LETTER OF THE WEEK
Now that digital cameras are standard equipment on phones and tablets, everyone carries one. But they bestow people with the carte blanche to barge their way through crowded museums, art galleries and ancient buildings, reducing great art and architecture to backdrops for their endless selfies and vacuous group shots. Once I was in the Louvre viewing the rose granite sarcophagus of the Pharaoh Ramesses III when the chamber was invaded by dozens of people shrieking and jostling amid a continual barrage of flashbulbs. As quickly as they arrived they moved on. Call me a Luddite, but for my next trip I think I'll make do with a notebook and a pencil.
My wife and I have just returned from a four-week holiday that included a tour of Egypt, where we had a ball. There were expert guides, no queues and, for that matter, few tourists. Sure, there was security and evidence of disruptions around Tahrir Square in Cairo, but the locals everywhere were super-friendly and just begging for foreigners to visit their country once again and spend some of our Western money. Please, please don't be put off, and still go.
HEAD FOR THE HILLS
In "Umbria's Slow Pleasures" (Traveller, March 8), Brian Johnston identifies the pros and cons of organised coach tours. There is the luxury of having someone else worry about accommodation and transport. But for this convenience you need to be prepared to travel with up to 40 people, and to go only where the itinerary says. Orvieto, Perugia and Assisi? Is that it for Umbria? Such a shame to miss the cobbled streets, markets and artworks of Umbria's lovely mediaeval hill towns of Spello, Spoleto, Todi, Trevi, Montefalco, Bevagna, among others. Luckily, there's travel options to suit everyone.

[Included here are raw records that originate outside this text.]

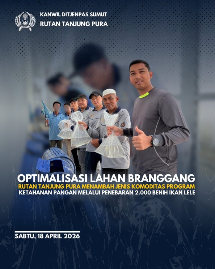 TANJUNG PURA, Media24jam — Rumah Tahanan Negara (Rutan) Kelas IIB Tanjung Pura terus menunjukkan komitmennya dalam mendukung program ketahanan pangan nasional sekaligus pembinaan kemandirian warga binaan. Hal ini diwujudkan melalui kegiatan penebaran 2.000 benih ikan lele di lingkungan rutan, Sabtu (18/04).
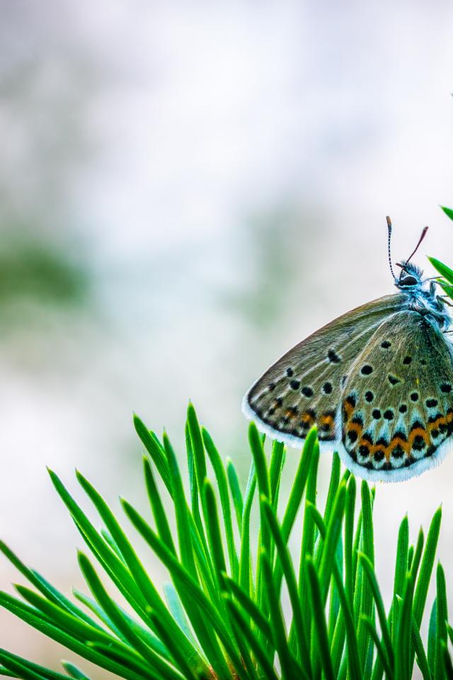 Обои Бабочка сидит на зеленой ветке ели
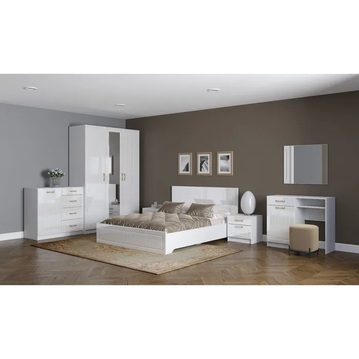 - Элегантный дизайн: Белый цвет и глянцевая поверхность придают кровати легкость и современный вид.
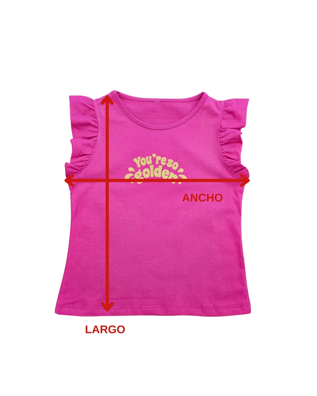 REMERA MANGA CORTA CONFECCIONADA EN TELA DE ALGODÓN DE PRIMERA CALIDAD, POSEE VOLADOS EN MANGA, ESTAMPA CON DELICADO GLITTER, FRESCA Y CÓMODA. TE INVITAMOS A RECORRER NUESTRO SHOP DONDE VAS A ENCONTRAR GRAN VARIEDAD DE PRENDAS PARA COMPLETAR EL LOOK.
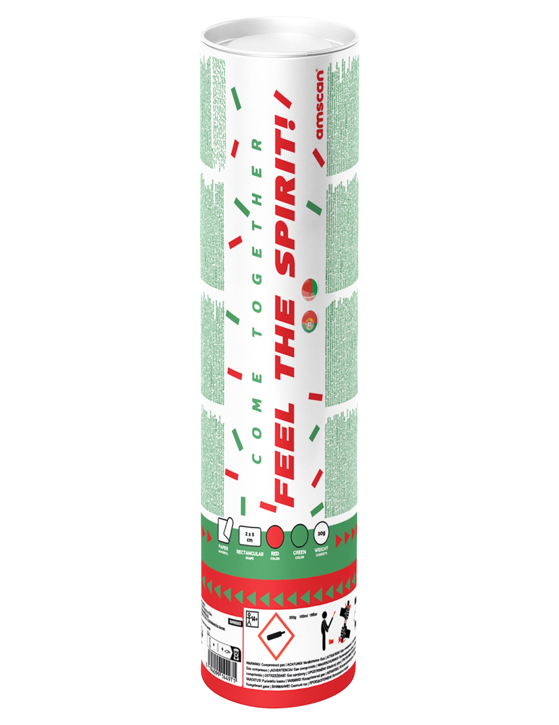 Ez a konfetti ágyú vörös és zöld színű konfettiből áll. Használata egyszerű, csak forgassa el a hordó alját, hogy az összes konfetti kialudjon! Ideális lesz a portugál csapat támogatására egy sportesemény során!
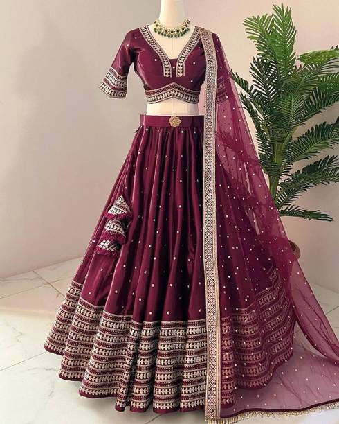 Start a new chapter of your life in a gorgeous attire. Make a fashion statement with delicate, exquisite, and lavish engagement lehengas. Every bride aspires to have the most awe-inspiring dress on her wedding and engagement day. You can pick from a vast collection of lehengas and choose one that truly expresses your sense of style and taste. You can shop for the latest engagement lehenga with beautiful embroidery. You can find lehengas in vivid hues and intricate designs. Choose from multiple fabric options like net, georgette blend, satin blend, taffeta, pure silk, and a lot more, according to your requirements. You can also choose from various patterns like embroidered, self-design, floral print and printed lehengas, and a lot more. Talking about sleeves, you can opt for your engagement lehenga with full sleeves, three-fourth sleeves, half sleeves or sleeveless, as per your preferences. Choose from popular brands like Vozica, FASHION BASKET, SAKHI, GILREATH, OceanZone Fashion, and more. Look outstanding on your engagement day with these lehengas. Place an order online and get your choice of lehenga delivered to your doorstep. Make a statement and be the centre of attention with this gorgeous traditional attire. The information you are reading has been last updated on 07-Nov-25.
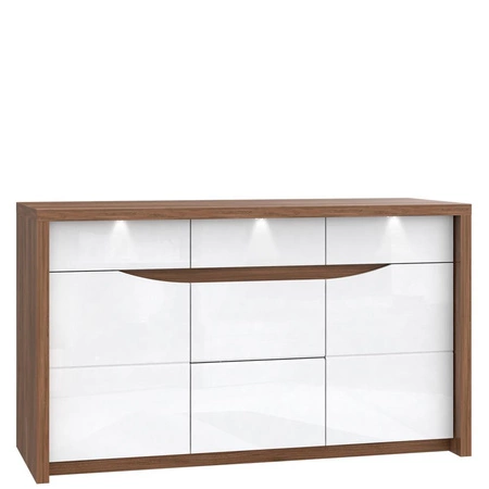 Szeroka komoda posiada eleganckie i stylowe zestawienie kolorów, dodatkowo podkreślone oświetleniem, co daje ciepły, domowy wystrój każdemu pomieszczeniu. Nowoczesny mebel świetnie sprawdzi się w sypialni, salonie czy pokoju dziennym. Będzie ona atrakcyjnym akcentem, a jednocześnie zwiększy funkcjonalność wnętrza.
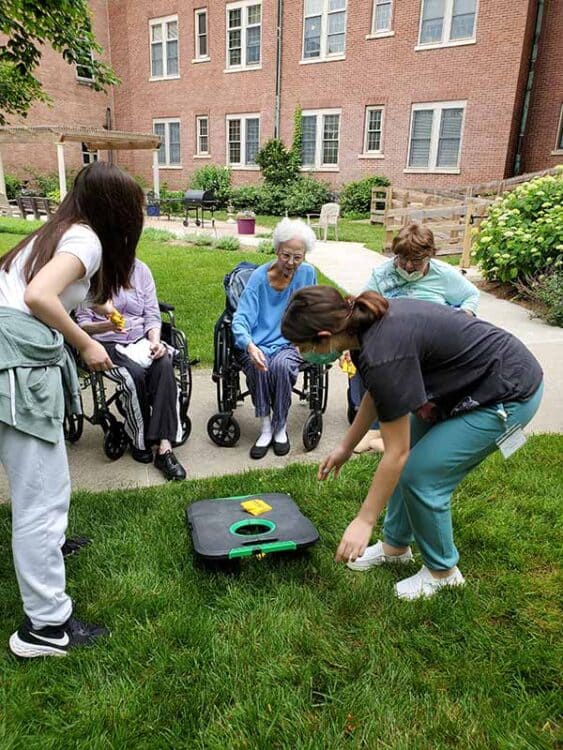 Though I am Catholic, I was worried for the nonreligious volunteers in my group. After all, they had never seen a real nun or even heard of the Rosary. I was so pleasantly surprised by how welcoming the sisters and residents at the Woods were and how eager they were to teach them about our customs.

I have regularly flown Cathay Pacific, Korean and Singapore Airlines from Australia to Europe, and have yet to encounter a single episode of objectionable service either on-ground or in the cabin service. But even before Qantas's recent precarious slide, the airline's on-ground and cabin service, based on my experience, has frequently been abysmal. Qantas cabin crews could aspire to the exemplary service that has become routine on the legacy Asian carriers.
-Joseph Y S Ting
I've done about 30 overseas trips in the past decade, but I don't think I've ever directly chosen an airline. Many of my trips have been tours with flights included so I have no say in the choice of carrier. On other trips I take the best price I can find, which usually turns out to be a different carrier each time (unless, of course, it's an airline with a dodgy safety record). I haven't been conned into joining frequent-flyer schemes then paying extra to accumulate points that often don't even cover the price difference. And although there are variations in service, inflight meals and comfort, these are usually not great enough to convince me to pay extra.